# Beginner’s guide to Timeseries Forecasting with LSTMs using TensorFlow and Keras

Last Updated on November 20, 2020 by Editorial Team

**Author(s): Sanku Vishnu Darshan **

**A-Z explanation of the usage of Timeseries Data for forecasting**

Hello, everyone. I welcome you to the Beginner’s Series in Deep Learning with TensorFlow and Keras. This guide will help you understand the basics of TimeSeries Forecasting. You’ll learn how to pre-process TimeSeries Data and build a simple LSTM model, train it, and use it for forecasting.

**What is a TimeSeries Data?**

Consider you’re dealing with data that is captured in regular intervals of time, i.e., for example, if you’re using Google Stock Prices data and trying to forecast future stock prices. We capture these prices every day at successive intervals. Hence it can be termed as Timeseries Data.

To make you understand better and know in-depth about how to pre-process data, split the data into train and test, define a model and make predictions, we’ll kick start using simple Sine wave data as training data, train a deep learning model and use it to forecast values.

**How does Recurrent Neural Networks work?**

From a mathematical perspective, we can coin Deep Learning as a method that maps one type of variable to another type of variable using differentiable functions.

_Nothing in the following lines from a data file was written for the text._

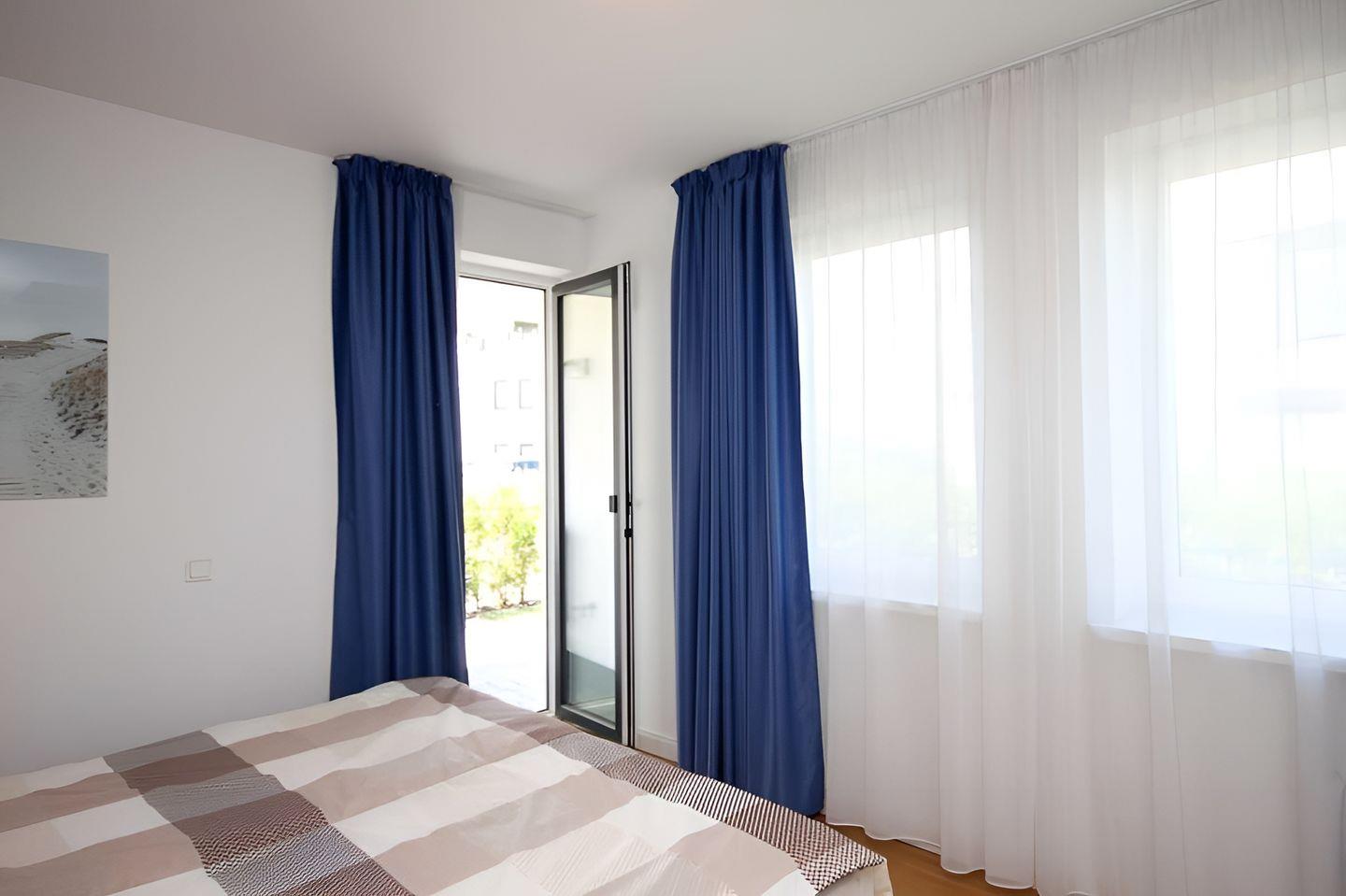 Vorhänge lassen sich auf Wunsch so zuziehen, dass nahezu kein Tageslicht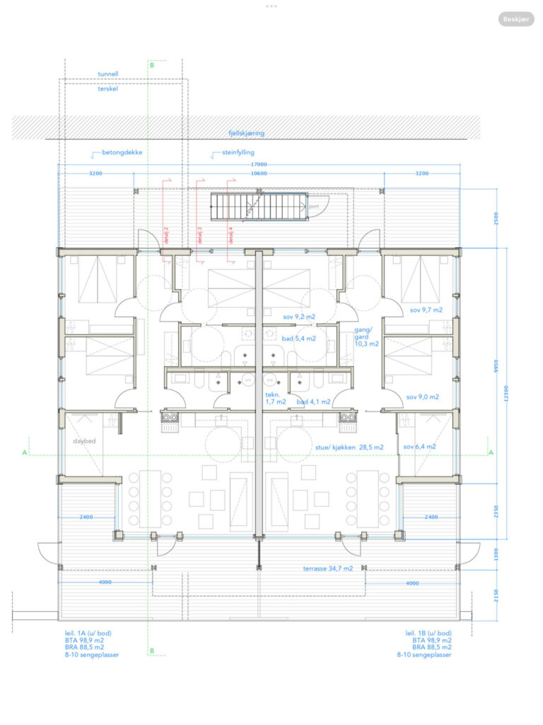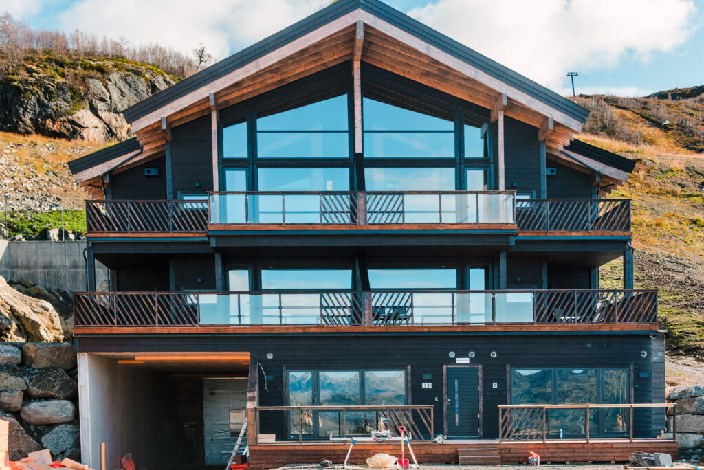 Energieffektiv fritid; delvis overbygde terrasser; dvs lite snømåking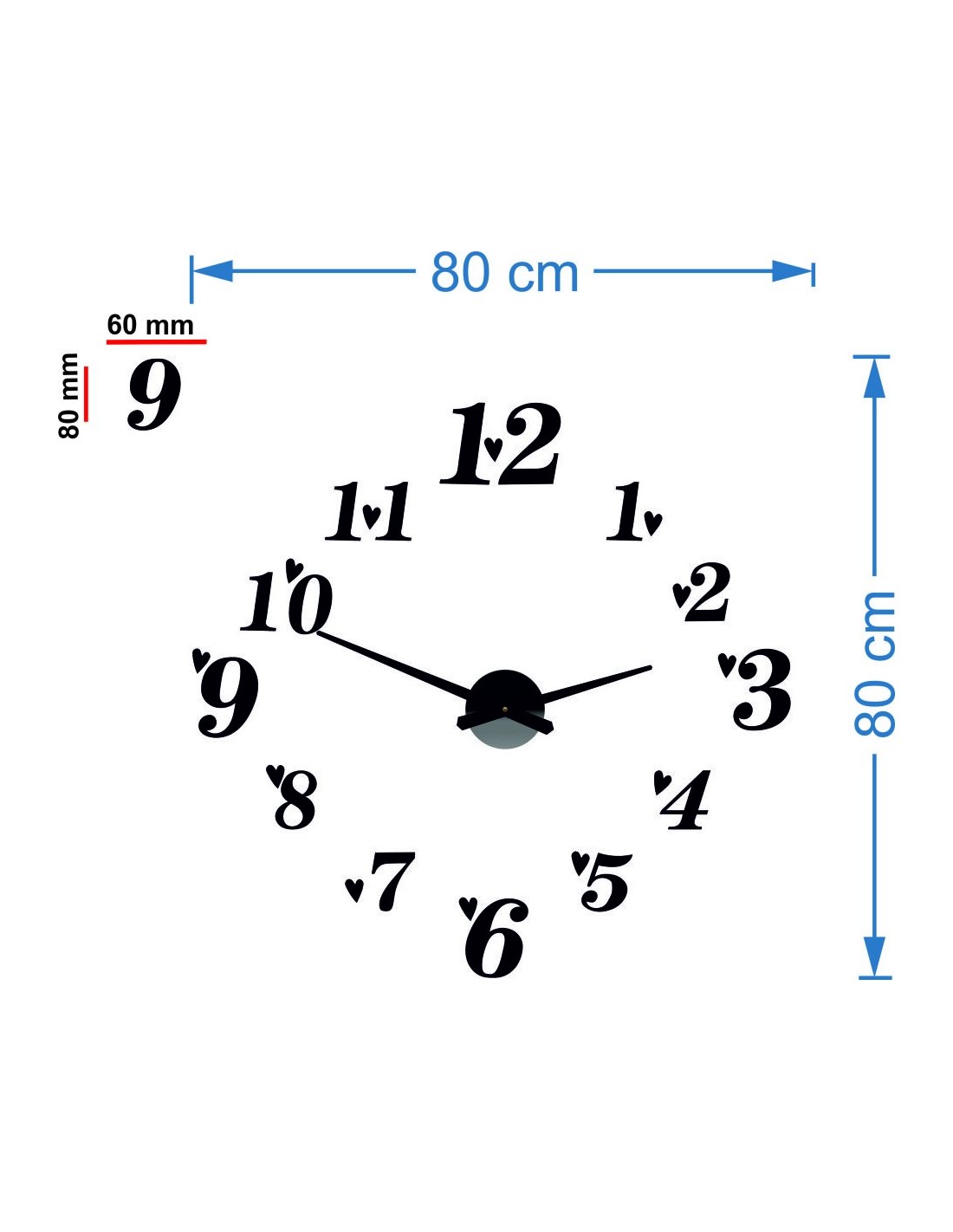 Minimalne wymiary naklejki: 800 x 800 mm, możliwość powiększenia do 1300 x 1300 mm. Wymiary mechanizmu zegarowego: 100 x 100 mm. Długość wskazówek: 30 - 40 cm.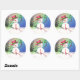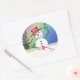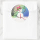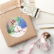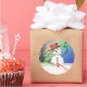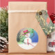 Aufkleber mit meinem digitalen Kunstwerk eines Schneemanns, der einen roten Hut trägt, der "Frohe Weihnachten" sagt, während er Misteloe und einen Bonbons hält.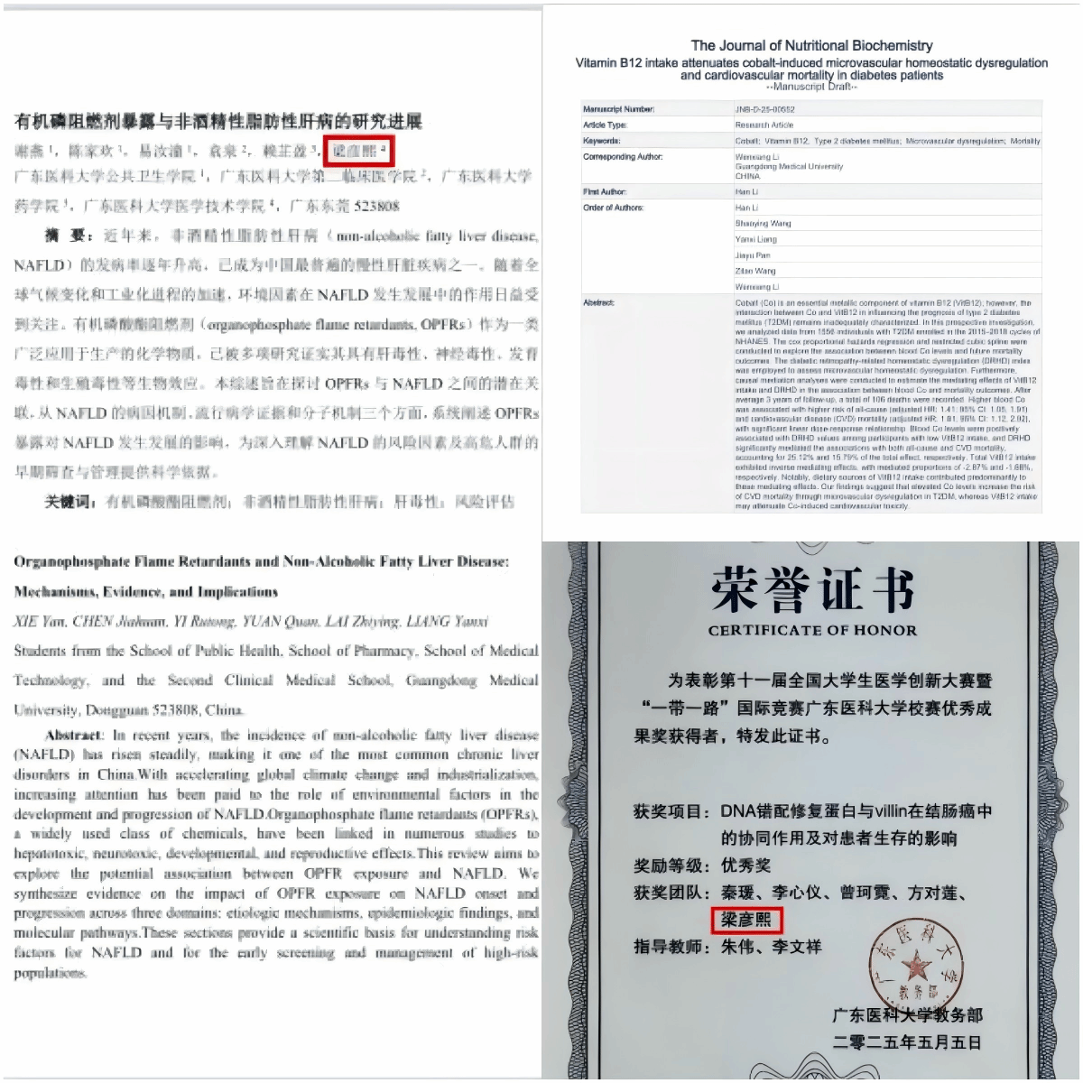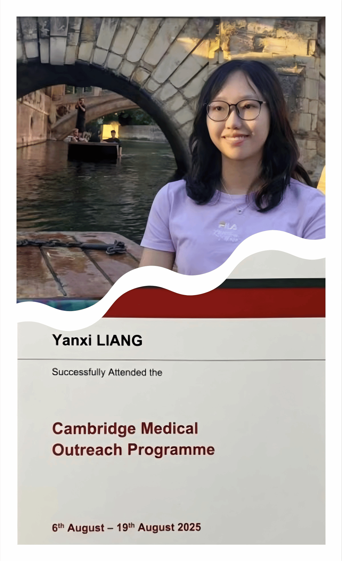 入学以来,她斩获 2024—2025 学年国家奖学金、综合一等奖学金等荣誉。怀揣医学热忱,主动投身科研与竞赛,获全国大学生医学创新大赛校赛优秀成果奖、校级医学文献综述大赛三等奖,参与校重点科研项目研究,撰写多篇学术综述,更跻身剑桥医学交流项目,在全英文研讨中拓宽学术视野,坚定转专业至医学检验技术的深耕之路。

For example, If you’re performing regression, it maps the **vector to a floating-point number. **Similarly, if you’re dealing with a classification problem, then it could be a **vector to vector **mapping, where the output vector could be a probability of belonging to multiple classes.

**What is a Vector?**

We can define a vector as a Matrix. When you feed a deep neural network with images, it converts them into a vector of the corresponding pixel values, which will pass further into feed-forward networks. Here vector represents the meaning of the image; often, it is not understood by humans.

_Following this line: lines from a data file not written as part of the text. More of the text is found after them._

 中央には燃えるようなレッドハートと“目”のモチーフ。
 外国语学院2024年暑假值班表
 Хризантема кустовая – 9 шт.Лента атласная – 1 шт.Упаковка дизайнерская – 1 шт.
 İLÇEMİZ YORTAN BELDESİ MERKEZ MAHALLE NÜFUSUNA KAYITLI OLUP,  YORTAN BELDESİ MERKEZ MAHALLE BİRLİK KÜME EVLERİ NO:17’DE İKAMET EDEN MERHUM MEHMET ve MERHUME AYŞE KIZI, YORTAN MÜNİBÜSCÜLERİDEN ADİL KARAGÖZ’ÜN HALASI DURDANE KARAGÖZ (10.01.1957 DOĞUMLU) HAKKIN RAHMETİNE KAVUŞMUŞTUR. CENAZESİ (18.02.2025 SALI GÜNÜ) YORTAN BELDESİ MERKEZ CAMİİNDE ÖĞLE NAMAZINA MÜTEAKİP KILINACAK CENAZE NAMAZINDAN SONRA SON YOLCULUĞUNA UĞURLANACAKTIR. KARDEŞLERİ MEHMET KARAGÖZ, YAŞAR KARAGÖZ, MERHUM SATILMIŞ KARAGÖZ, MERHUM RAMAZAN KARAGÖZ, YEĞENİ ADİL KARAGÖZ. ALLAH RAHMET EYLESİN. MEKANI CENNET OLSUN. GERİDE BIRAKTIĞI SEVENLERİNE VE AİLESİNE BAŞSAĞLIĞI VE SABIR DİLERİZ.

### What are the Sequences?

When you hear the word sequences, one easy example of letting you understand this concept is to consider a sentence. It comprises a sequence of words that give it a complete meaning or consider Google Stock Prices data it contains sequences of data recorded at daily intervals.

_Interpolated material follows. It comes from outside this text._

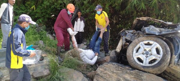 टिहरी : जनपद टिहरी के नैनबाग क्षेत्र मरोड़ बैंड के पास एक वाहन हुआ खाई में दुर्घटनाग्रस्त, SDRF ने किये शव बरामद। कल 25 सितम्बर 2023 को पुलिस चौकी नैनबाग द्वारा एसडीआरएफ टीम को सूचित किया गया कि नैनबाग क्षेत्र मरोड़ बैंड के पास एक वाहन अनियंत्रित होकर लगभग 600 मीटर गहरी खाई में दुर्घटनाग्रस्त हो गया है। उक्त सूचना प्राप्त SDRF टीम मुख्य आरक्षी प्रदीप पंवार के हमराह मय आवश्यक रेस्क्यू उपकरणों के तत्काल घटनास्थल के लिए रवाना हुई। SDRF टीम को घटनास्थल पर पहुँचकर ज्ञात हुआ कि उक्त वाहन में 02 लोग सवार थे जिनकी घटनास्थल पर ही मृत्यु हो गयी थी। अत्यधिक रात्रि व दुर्गम मार्ग होने के कारण रात्रि में शवों को निकालना संभव नही हो पाया। आज पुनः SDRF टीम द्वारा घटनास्थल पर पहुँचकर त्वरित कार्यवाही करते हुऐ रोप द्वारा खाई में उतरकर उक्त वाहन तक पहुँच बनायी व दोनों शवो को रोप व स्ट्रेचर के माध्यम से खाई से बाहर निकालकर जिला पुलिस के सुपुर्द किया गया। गौरतलब है कि उक्त वाहन किआ सोनेट (UK 08 AY 1973) बड़कोट से देहरादून की ओर आ रहा था व मरोड़ बैंड के पास अचानक वाहन अनियंत्रित होकर खाई में दुर्घटनाग्रस्त हो गया।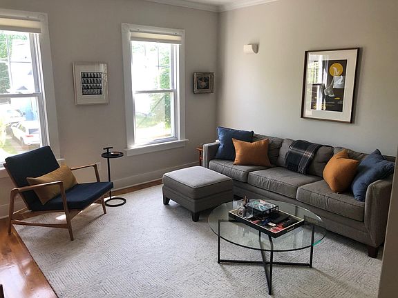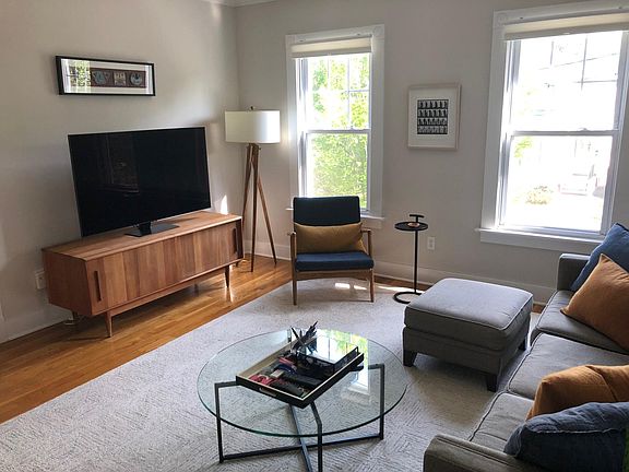 Modernized, airy 3 bedroom unit in the top two stories of a two-family house with deck, screened-in porch and fenced back yard. Located on a quiet East Rock street in the Worthington Hooker school district. 15-minute walk to Yale. Perfect for a family. *Starting lease date flexible 7/15-8/15 *No pets please *Central heating and air conditioning; hardwood floors in kitchen, living and dining room; ceiling fans in all bedrooms. *Small downstairs bathroom with bathtub; larger bathroom upstairs with large tiled shower. *Washer, dryer and storage in basement *Easy walking distance to many neighborhood shops and restaurants. *Lovely views of East Rock from master bedroom *Tenants pay gas and electricity (house is well-insulated and updated so utilities are reasonable). *Ample street parking

**RNNs **can map **sequences to vectors**, **vectors to sequence,** or **sequence to sequences. **Finally**, **if we relate it to our current time-series problem, the model takes a sequence of input data and uses it to predict the next value.

**Setup**

First, import the Libraries.

**Generate the Sine Wave**

We’ll use the NumPy **linspace** to generate x values ranging between 0 and 50 and the NumPy **sine** function to generate sine values to the corresponding x. Finally, let’s visualize the data.

**Train, Test Split**

So rather than splitting the data into train and test datasets using the traditional **train_test_split** function from **sklearn**, here we’ll split the dataset using simple python libraries to understand better the process going under the hood.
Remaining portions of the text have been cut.